B.C. has proposed new legislation which will have an effect on small claims disputes and funding to legal foundations in the province and also make it easier to handle cross-border child support matters.
Bill 9, the Attorney General Statutes Amendment Act, was introduced earlier this month and would amend the governing legislation for the provincial civil resolution tribunal (CRT), which adjudicates small claims disputes under $5,000 and was given the power to deal with certain motor vehicle cases in 2018. The current judicial oversight mechanism for small claims disputes, which can lead to a complete rehearing of the dispute in provincial court, would be replaced with judicial review in the B.C. Supreme Court. The bill would also give the CRT authority to resolve disputes about decisions from the Insurance Corporation of British Columbia (ICBC) which assign responsibility for vehicle accidents when an applicant is not also making a claim for benefits or damages.

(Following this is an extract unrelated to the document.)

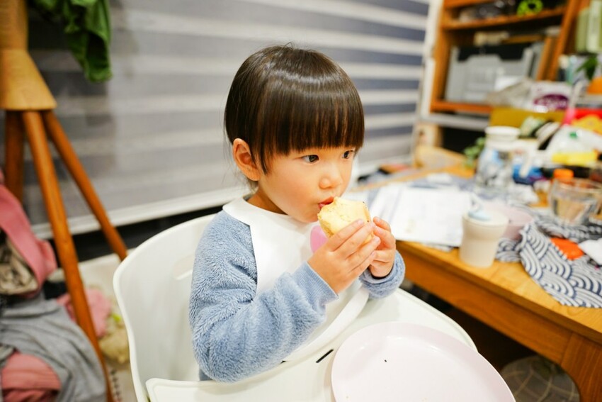 睡前小點心,又吵著要吃今天買的麵包,芝士口味的麻糬麵包是我跟孩子的最愛~

Scott Stanley, Murphy Battista LLP
Scott Stanley of Murphy Battista LLP said moving to judicial review at the Supreme Court “probably makes good sense.”
“At the end of the day it makes sense to review a dispute on the basis of the transcript. In the old days an appeal was essentially a new trial — I would prefer that it was an appeal as opposed to a judicial review, but that may be a distinction without a difference,” he said. “And lawyers can’t really take too much umbrage to this because we haven’t really demonstrated a willingness to represent people practically or economically in small claims court when it comes to their civil disputes, so as long as people are getting their disputes resolved it is kind of hard to argue with.”
But Stanley did say he feels tribunals offer less access to the principles of fundamental justice than the courts.
“And any departure from those principles is something that people need to pay attention to, and I think that any intrusion on the court’s jurisdiction should not be done lightly — unless they demonstrate that the small claims court is being overrun by these motor vehicle disputes I don’t really understand the logic of taking them from provincial court,” he said. “Lawyers are really the only people who know how important and meaningful these rights are and the vast majority of people will never have to engage the court’s services, but for these small number who do they certainly appreciate how important these services are, and we really need to speak up on behalf of the public.”
The bill would also change the Legal Profession Act and the Notaries Act to give the Law Foundation of B.C. and the Notary Foundation of British Columbia the authority to approve the interest rates and service charges on lawyers’ and notaries’ pooled trust accounts. Both organizations earn their revenues primarily through these accounts, which are used to support law libraries and services in the area of legal education and legal aid, among others.
Law Foundation chair Lindsay LeBlanc said the changes would promote certainty and reliability for the funding that the foundation distributes.
“This is a good thing for people throughout B.C., particularly for those who are unable to afford representation in dealings with the justice system,” said LeBlanc. “This benefits the collective good by providing more financial certainty for organizations providing vital free or low-cost services across the province.”
And a second bill before legislators would change the Interjurisdictional Support Orders Act to implement the 2007 Hague Child Support Convention on setting, changing and enforcing child support duties when parents or guardians live in different countries. The government said the legislation, which standardizes processes, forms and timelines, would increase the number of jurisdictions that B.C. can work with regarding cross-border child support matters to make it easier to enforce and collect child support payments.
The two bills have passed second reading at the B.C. legislature.